BACKGROUND: Atopic eczema (atopic dermatitis, AD) is characterized by disrupted skin barrier associated with elevated skin pH and skin microbiome dysbiosis, due to high Staphylococcus aureus loads, especially during flares. Since S aureus shows optimal growth at neutral pH, we investigated the longitudinal interplay between these factors and AD severity in a pilot study. METHOD: Emollient (with either basic pH 8.5 or pH 5.5) was applied double-blinded twice daily to 6 AD patients and 6 healthy (HE) controls for 8 weeks. Weekly, skin swabs for microbiome analysis (deep sequencing) were taken, AD severity was assessed, and skin physiology (pH, hydration, transepidermal water loss) was measured. RESULTS: Physiological, microbiome, and clinical results were not robustly related to the pH of applied emollient. In contrast to longitudinally stable microbiome in HE, S aureus frequency significantly increased in AD over 8 weeks. High S aureus abundance was associated with skin pH 5.7-6.2. High baseline S aureus frequency predicted both increase in S aureus and in AD severity (EASI and local SCORAD) after 8 weeks.
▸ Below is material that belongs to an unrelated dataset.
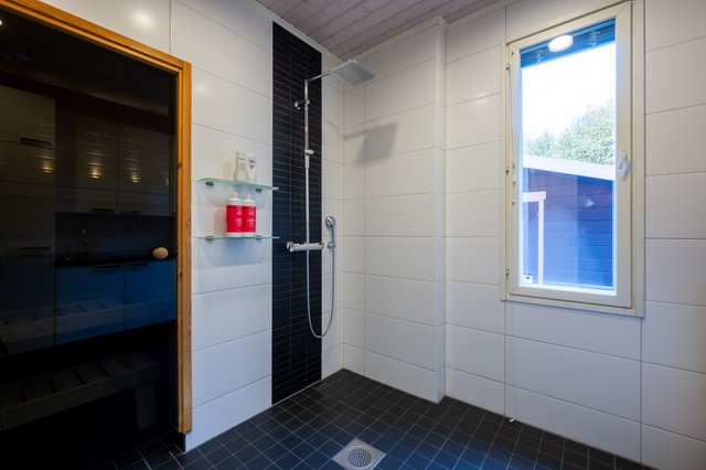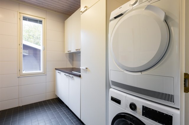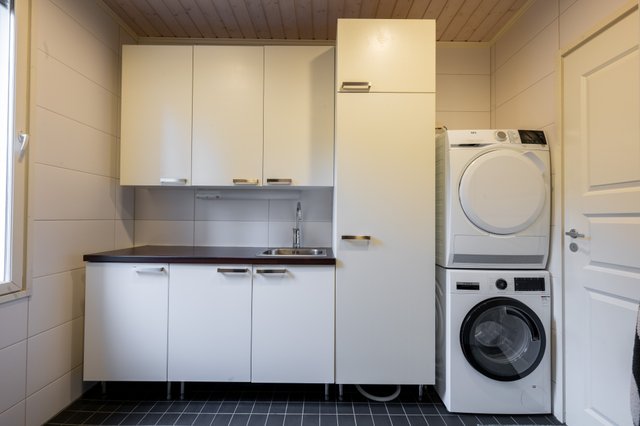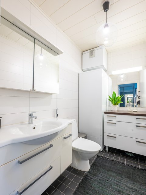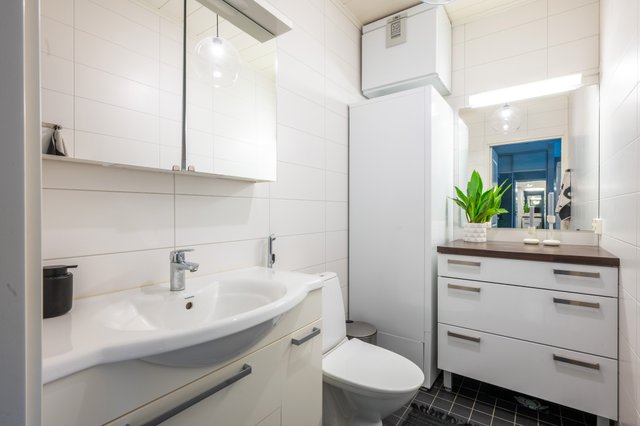 - Suihku, pesukoneliitäntä, lattialämmitys, ja allaskaappi

CONCLUSION: Skin pH is tightly regulated by intrinsic factors and limits the abundance of S aureus. High baseline S aureus abundance in turn predicts an increase in AD severity over the study period. This underlines the importance and potential of sustained intervention regarding the skin pH and urges for larger studies linking skin pH and skin S aureus abundance to understand driving factors of disease progression.